**Task description**: Once the pictures are removed, return each record below exactly as written.
[[ Material shown, beginning ]]
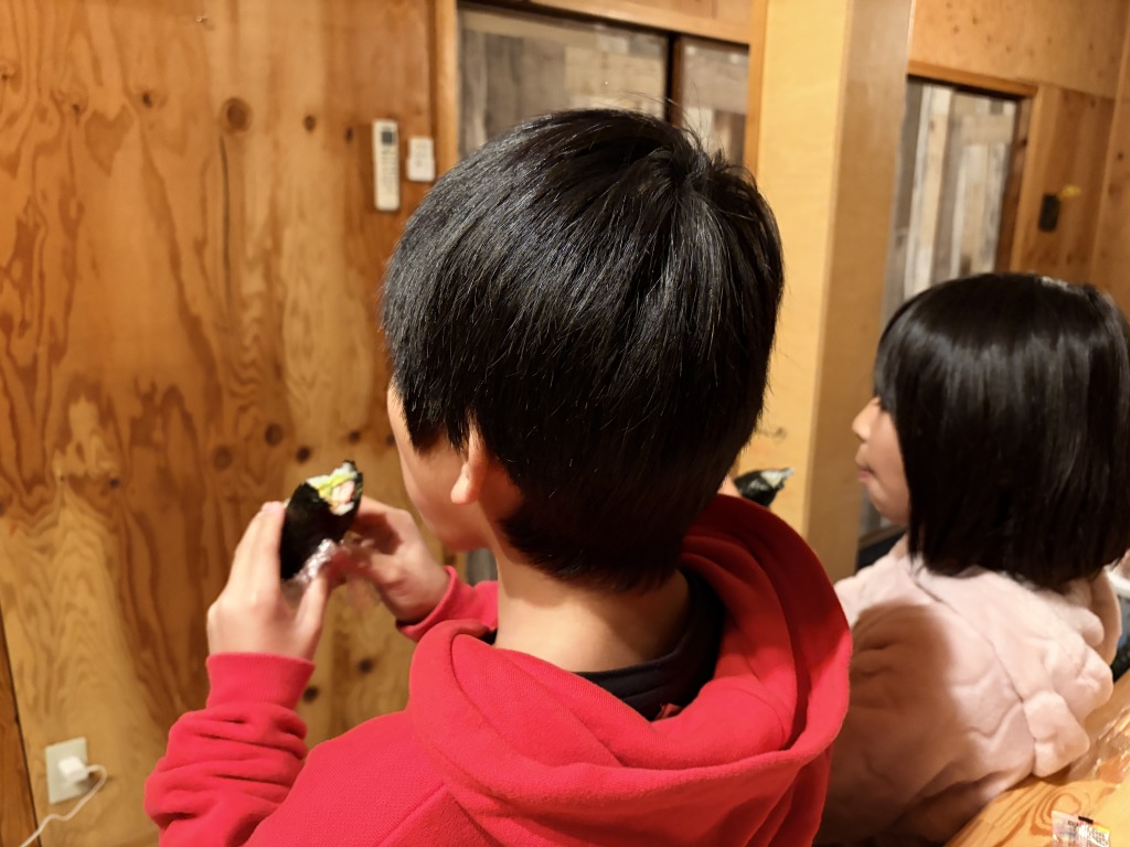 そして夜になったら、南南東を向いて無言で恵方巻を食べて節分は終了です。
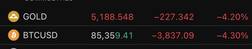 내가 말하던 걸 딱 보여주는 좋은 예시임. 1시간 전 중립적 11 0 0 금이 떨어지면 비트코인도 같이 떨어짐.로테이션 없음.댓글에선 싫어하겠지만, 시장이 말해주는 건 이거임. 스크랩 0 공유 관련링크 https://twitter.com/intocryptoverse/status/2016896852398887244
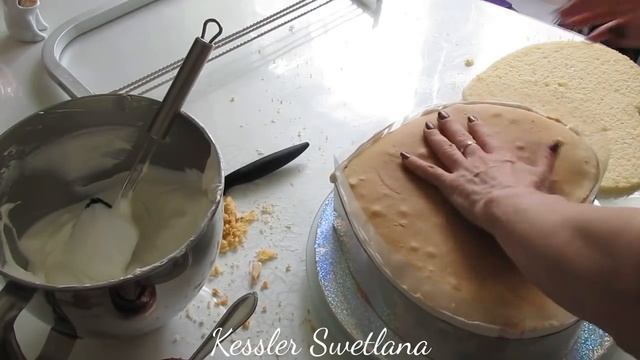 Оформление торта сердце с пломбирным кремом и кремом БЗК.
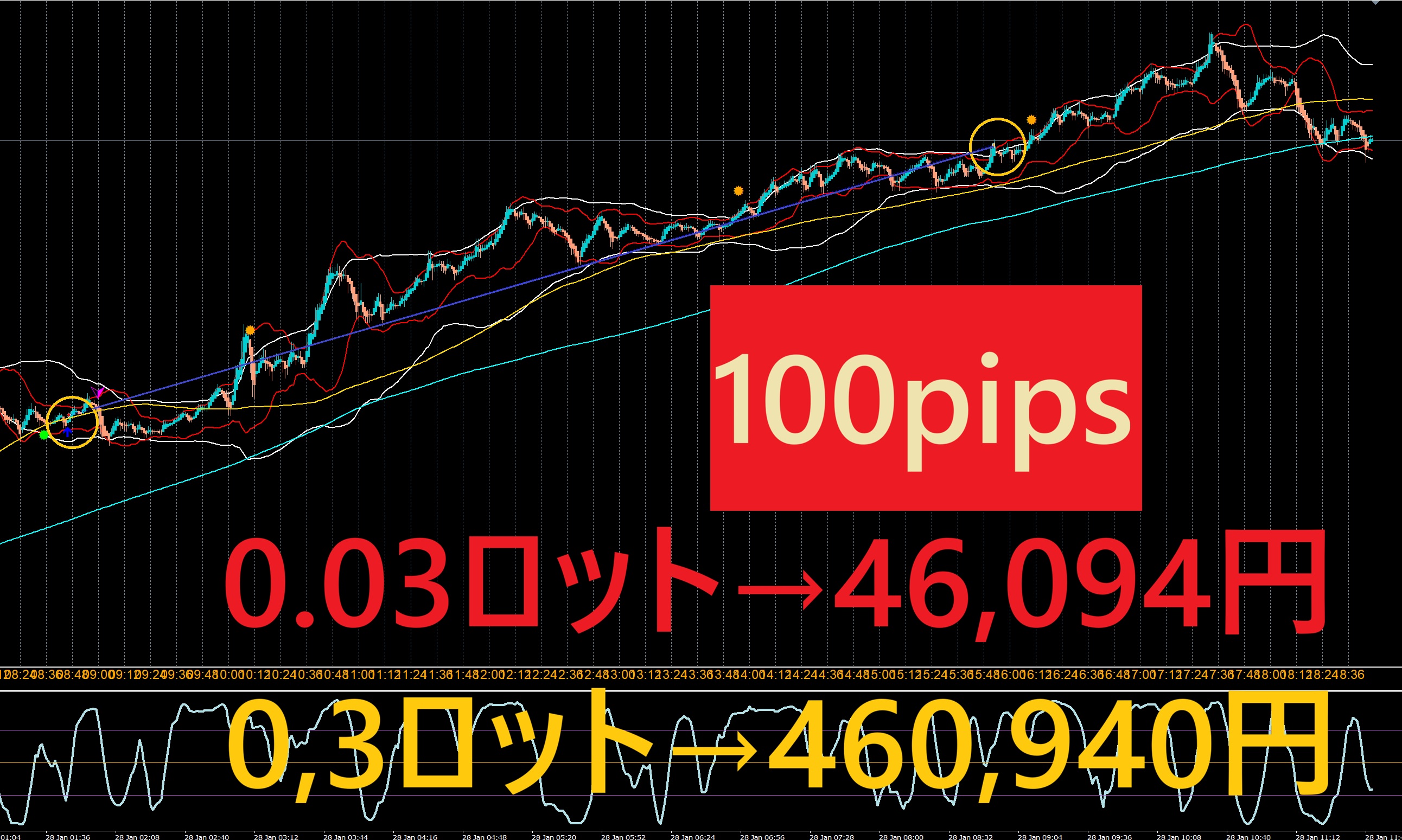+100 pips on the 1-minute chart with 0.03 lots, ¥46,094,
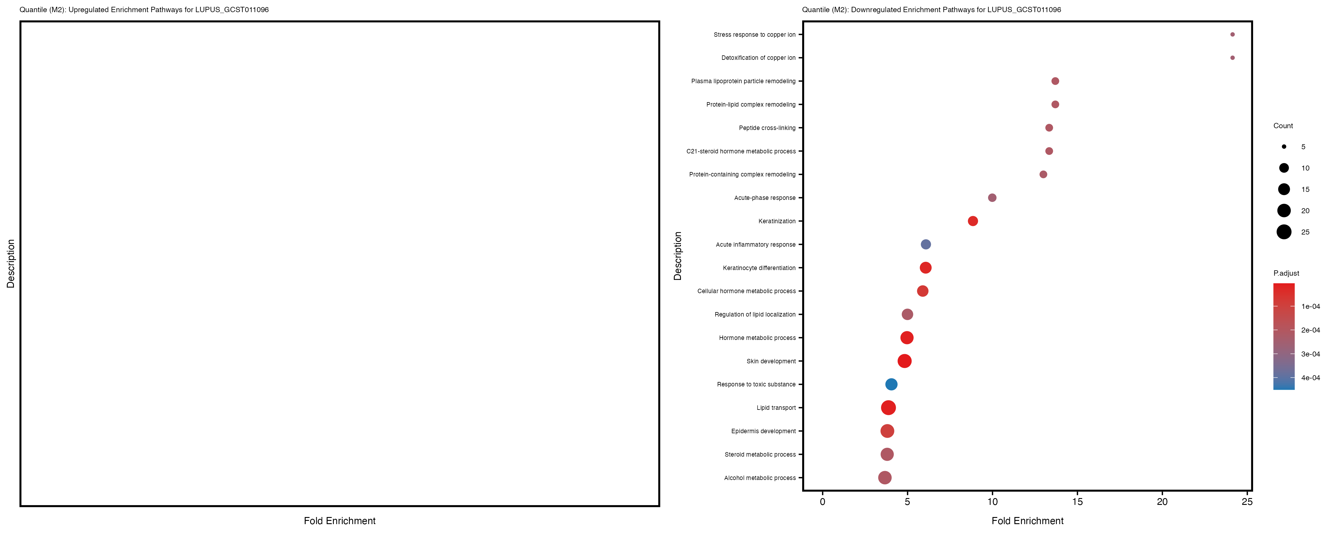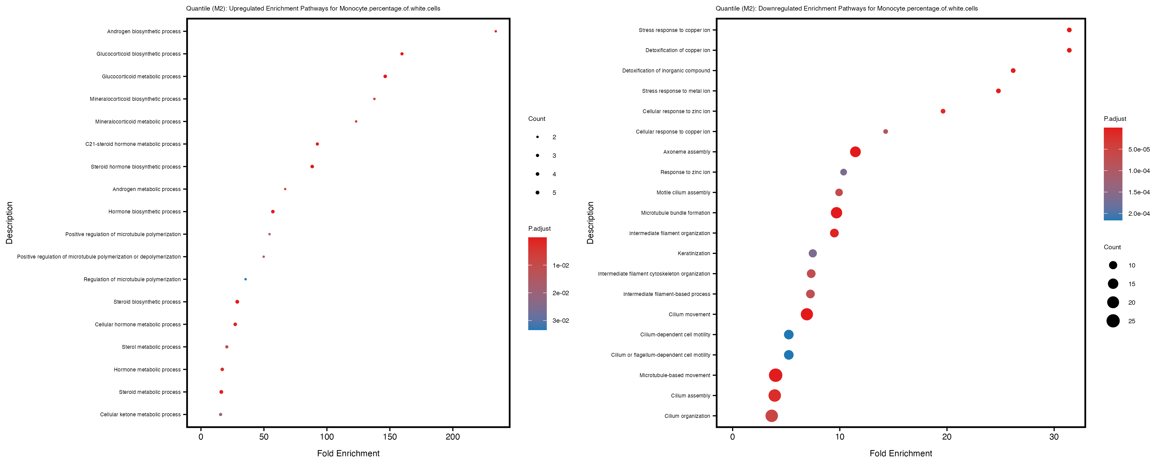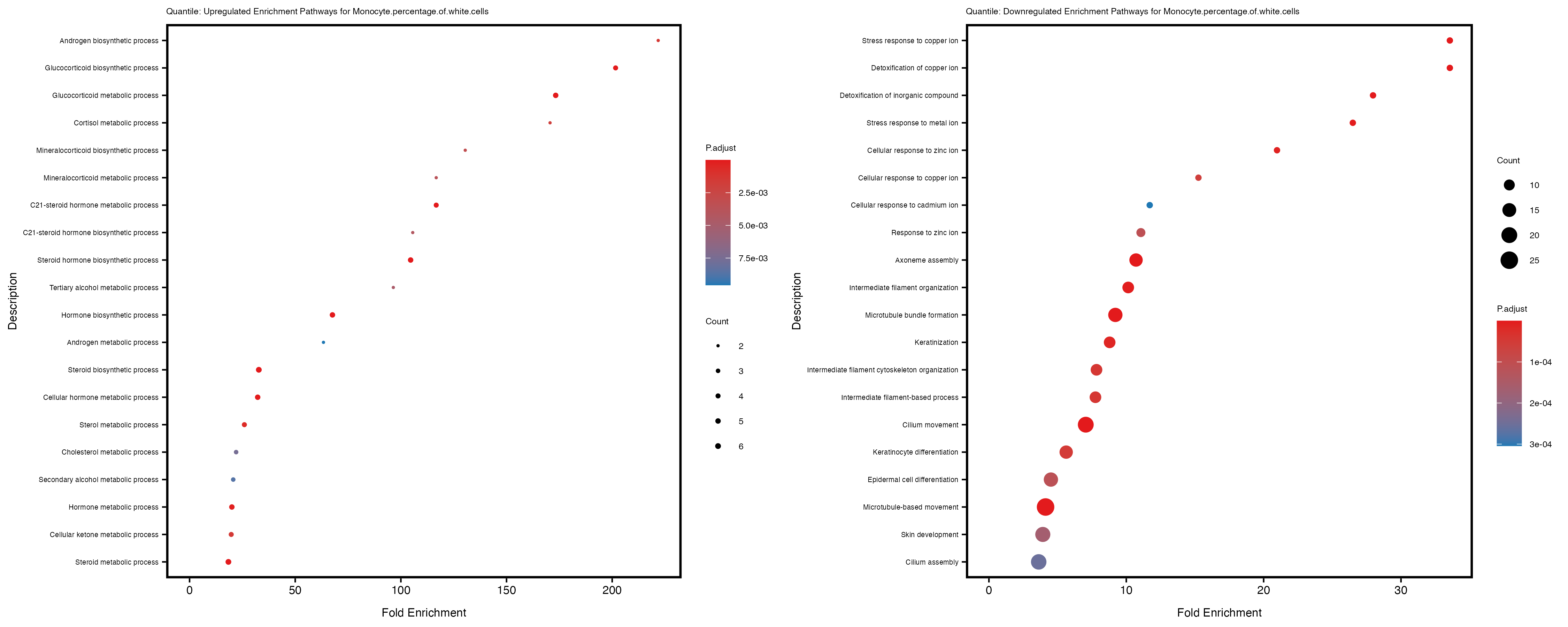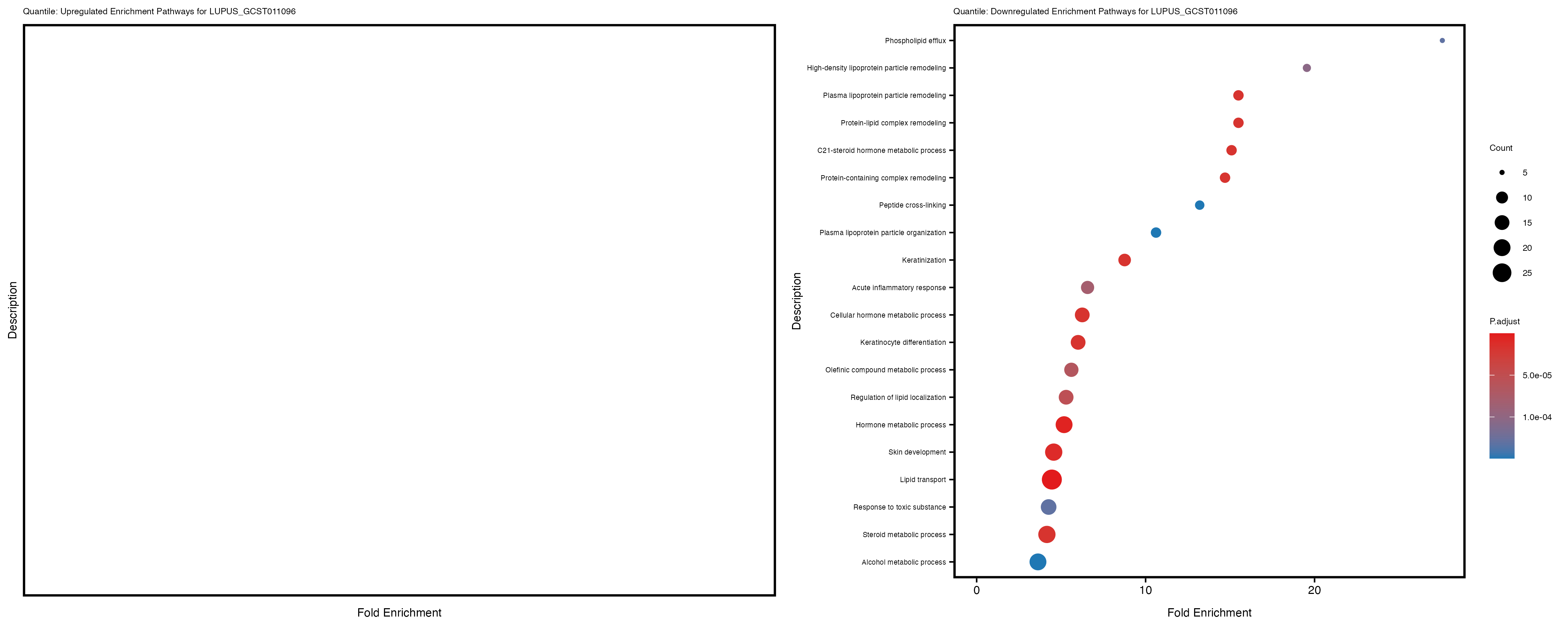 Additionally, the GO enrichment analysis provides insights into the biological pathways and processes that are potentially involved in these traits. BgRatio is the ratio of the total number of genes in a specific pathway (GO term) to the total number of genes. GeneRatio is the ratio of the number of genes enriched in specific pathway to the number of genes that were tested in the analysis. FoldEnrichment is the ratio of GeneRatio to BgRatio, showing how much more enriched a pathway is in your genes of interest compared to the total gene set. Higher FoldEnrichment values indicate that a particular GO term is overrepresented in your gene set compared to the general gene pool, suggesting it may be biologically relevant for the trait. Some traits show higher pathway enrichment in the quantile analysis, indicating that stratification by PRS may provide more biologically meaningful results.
[[ Material shown, end ]]
**Reply**:
 そして夜になったら、南南東を向いて無言で恵方巻を食べて節分は終了です。
 내가 말하던 걸 딱 보여주는 좋은 예시임. 1시간 전 중립적 11 0 0 금이 떨어지면 비트코인도 같이 떨어짐.로테이션 없음.댓글에선 싫어하겠지만, 시장이 말해주는 건 이거임. 스크랩 0 공유 관련링크 https://twitter.com/intocryptoverse/status/2016896852398887244
 Оформление торта сердце с пломбирным кремом и кремом БЗК.
+100 pips on the 1-minute chart with 0.03 lots, ¥46,094,
 Additionally, the GO enrichment analysis provides insights into the biological pathways and processes that are potentially involved in these traits. BgRatio is the ratio of the total number of genes in a specific pathway (GO term) to the total number of genes. GeneRatio is the ratio of the number of genes enriched in specific pathway to the number of genes that were tested in the analysis. FoldEnrichment is the ratio of GeneRatio to BgRatio, showing how much more enriched a pathway is in your genes of interest compared to the total gene set. Higher FoldEnrichment values indicate that a particular GO term is overrepresented in your gene set compared to the general gene pool, suggesting it may be biologically relevant for the trait. Some traits show higher pathway enrichment in the quantile analysis, indicating that stratification by PRS may provide more biologically meaningful results.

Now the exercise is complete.